Mr. BUTTERFIELD. The gentleman from Tennessee who just spoke said that sequestration is a game of scare tactics. Apparently, he hasn't looked at the statistics from his district in Tennessee. Let me tell you, sequestration is not only going to affect the people of my district, but it's going to affect the people of his district and his State as well.
Sequestration is very troubling, Mr. Speaker. Sensible people all across America are beginning to see the impact that sequestration will have on their families. We are hearing from Governors every day, both Democrat and Republican. We cannot wait any longer. We have delayed this for far too long. The consequences of an unbalanced budget are very, very clear.
My home State of North Carolina already has one of the highest rates of unemployment at 9 percent; and these cuts, Mr. Speaker, to education, health care, low-income families, and military readiness around my State and country will be disastrous to so many.
Our children are our most valuable asset, and ensuring they earn a quality education is the best investment we can make in our future. Unfortunately, the sequester threatens many children's chances at obtaining a quality education.
The impacts of sequester in my State of North Carolina are huge. Teachers and schools in North Carolina will lose more than $25 million in funding for primary and secondary education, putting 350 teachers and teacher aide jobs at risk, resulting in 40,000 fewer students receiving services they need to help them do well in school. Programs like Head Start and Early Head Start--services that residents in my district so desperately need--will be eliminated for 1,500 children, reducing access to critical early education programs that teach the skills necessary to enter kindergarten on an equal footing.
If America, Mr. Speaker, is to continue to be a global leader, we must out-compete other nations in the classroom by improving the caliber of teachers, promoting school grants, increasing education standards, and utilizing up-to-date technology to prepare students for the higher education and jobs of the future. However, educational advances will only result if our schools are properly funded. Don't cut education.
The American people must know that the sequester's reach stretches to health care research and innovation. Hospitals around the country and those in my district, like Duke University Medical Center, serve an invaluable role in the community to not only care for those who are sick, but to research and find cures for critical diseases such as cancer, diabetes, and heart disease--curable diseases that kill people every day. Don't let this happen.
The across-the-board cuts would sever funding for research from organizations like the National Institutes of Health. Scientists at universities across my district, like at Duke University and East Carolina University, would not have the chance to discover groundbreaking medical advancements such as the one that earned Duke University's Dr. Robert Leftkowitz the 2012 Nobel Prize in chemistry.

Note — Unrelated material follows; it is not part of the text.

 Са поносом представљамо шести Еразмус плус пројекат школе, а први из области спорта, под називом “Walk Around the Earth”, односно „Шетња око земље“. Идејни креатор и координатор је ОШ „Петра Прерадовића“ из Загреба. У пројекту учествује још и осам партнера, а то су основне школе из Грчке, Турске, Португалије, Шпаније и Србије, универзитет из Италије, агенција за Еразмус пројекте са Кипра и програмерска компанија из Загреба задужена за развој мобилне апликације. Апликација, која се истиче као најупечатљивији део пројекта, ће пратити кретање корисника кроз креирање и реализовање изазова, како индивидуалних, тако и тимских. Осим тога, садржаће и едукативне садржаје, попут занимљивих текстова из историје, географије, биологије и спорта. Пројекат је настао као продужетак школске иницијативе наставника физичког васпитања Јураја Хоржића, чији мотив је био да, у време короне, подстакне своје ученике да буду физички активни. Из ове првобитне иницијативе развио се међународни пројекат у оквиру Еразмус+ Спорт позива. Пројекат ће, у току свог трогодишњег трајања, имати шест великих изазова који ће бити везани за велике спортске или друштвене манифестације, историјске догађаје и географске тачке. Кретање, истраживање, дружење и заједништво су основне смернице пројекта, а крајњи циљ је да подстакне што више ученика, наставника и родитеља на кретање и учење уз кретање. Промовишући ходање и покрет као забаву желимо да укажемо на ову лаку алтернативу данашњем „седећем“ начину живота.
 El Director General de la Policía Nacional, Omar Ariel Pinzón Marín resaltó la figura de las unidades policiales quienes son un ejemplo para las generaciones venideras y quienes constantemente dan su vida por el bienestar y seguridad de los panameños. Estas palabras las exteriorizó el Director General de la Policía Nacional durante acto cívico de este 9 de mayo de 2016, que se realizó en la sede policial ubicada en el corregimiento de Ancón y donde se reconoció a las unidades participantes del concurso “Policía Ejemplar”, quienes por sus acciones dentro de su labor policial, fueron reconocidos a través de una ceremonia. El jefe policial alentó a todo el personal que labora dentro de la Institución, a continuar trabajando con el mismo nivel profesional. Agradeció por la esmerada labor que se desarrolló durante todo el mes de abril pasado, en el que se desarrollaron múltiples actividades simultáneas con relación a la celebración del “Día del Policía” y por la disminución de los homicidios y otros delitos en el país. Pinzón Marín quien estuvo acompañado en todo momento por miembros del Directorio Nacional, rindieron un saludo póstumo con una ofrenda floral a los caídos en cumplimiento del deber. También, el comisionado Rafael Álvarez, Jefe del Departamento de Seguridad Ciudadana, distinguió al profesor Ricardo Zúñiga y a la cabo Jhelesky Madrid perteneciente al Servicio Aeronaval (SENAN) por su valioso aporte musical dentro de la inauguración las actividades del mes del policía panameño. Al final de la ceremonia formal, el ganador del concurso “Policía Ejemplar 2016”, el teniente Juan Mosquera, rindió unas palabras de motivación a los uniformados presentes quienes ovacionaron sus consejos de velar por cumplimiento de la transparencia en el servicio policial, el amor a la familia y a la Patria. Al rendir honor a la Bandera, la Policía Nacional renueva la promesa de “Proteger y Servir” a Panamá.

Many citizens in my district are low-income families who are currently surviving with assistance from critical antipoverty programs like unemployment benefits, SNAP, and WIC. Low- and middle-income families will bear the brunt of the pain from this sequester. These people deserve programs that provide relief from financial hardships. However, if Congress does not work together to prevent sequestration this week, these programs will lose very significant portions of their budgets.
North Carolina has an enormous military presence; the sequester will be felt especially hard by our men and women in uniform and the civilians that support military operations. Seymour Johnson Air Force Base, Marine Corps Air Station Cherry Point, and U.S. Coast Guard Air Station Elizabeth City, among others, will not be ready to defend and serve our country at a moment's notice if we allow this to happen.

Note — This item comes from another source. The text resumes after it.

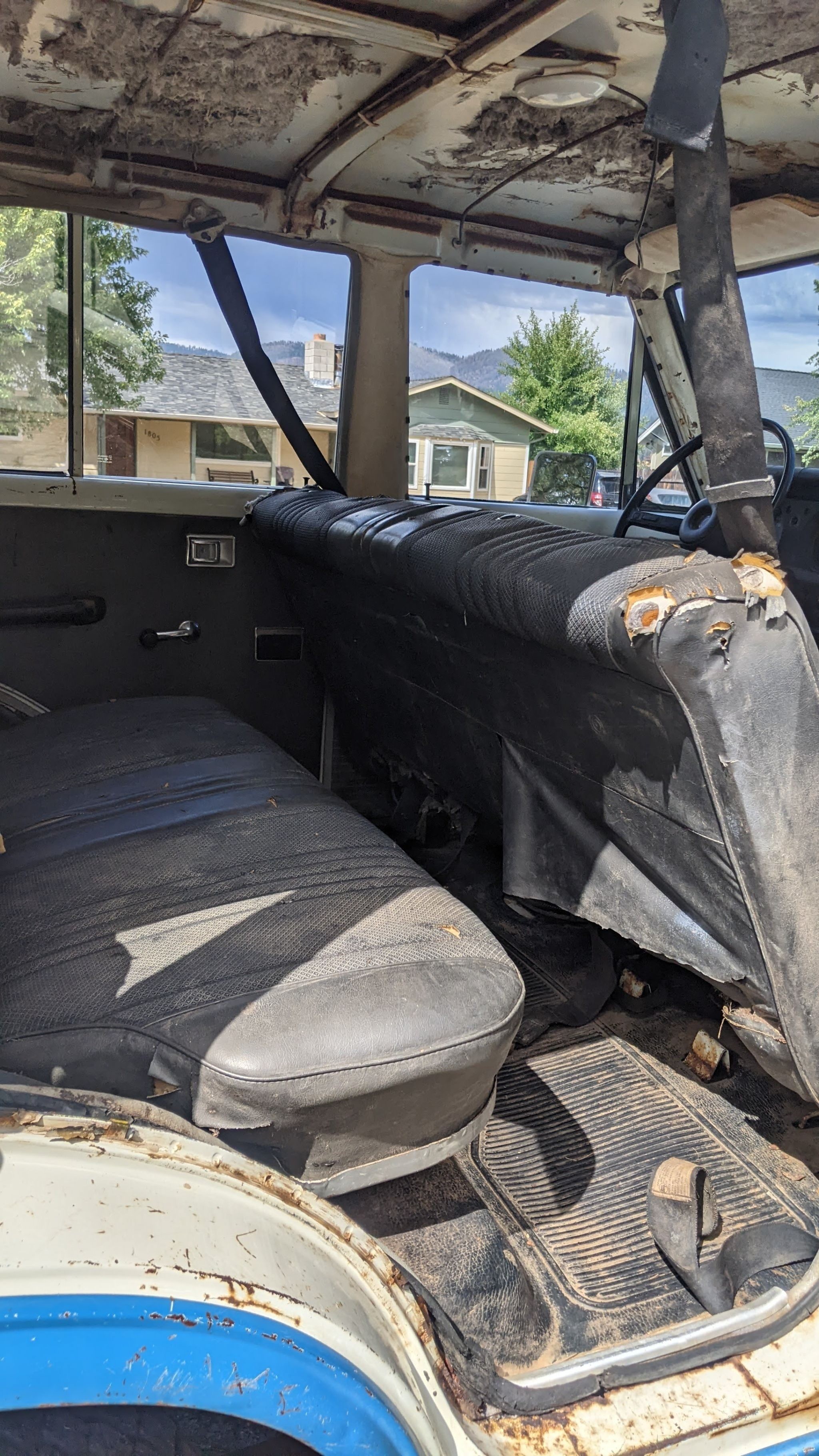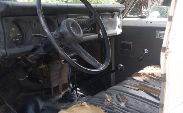 The FJ55’s powerplant is the typically robust 3.9-liter Toyota “F” inline six, producing about 130 horsepower. Like the engine, the driveline was simple: a three-speed manual with a non-synchro first channeling power through a two-speed transfer case. The seller tells us that the engine “starts, idles, and runs with no blowby,” and it “doesn’t make any strange noises, smoke, or overheat.” The brakes work, but they might need some adjustment to raise the pedal a bit.

In my State alone, cuts to the Department of Defense budget will result in 22,000 civilian DOD staff being furloughed, reducing the gross pay by $117 million. Base operation funding would be cut by $136 million, severely reducing military readiness, putting our country at peril.
In closing, Mr. Speaker, I implore my colleagues to work together to prevent the impending sequestration so that we may prevent devastating cuts to our vital infrastructure. We are slowly but surely building on economic recovery, and our Nation can literally not afford to be knocked down again by an inability to compromise. Please, let's get it done.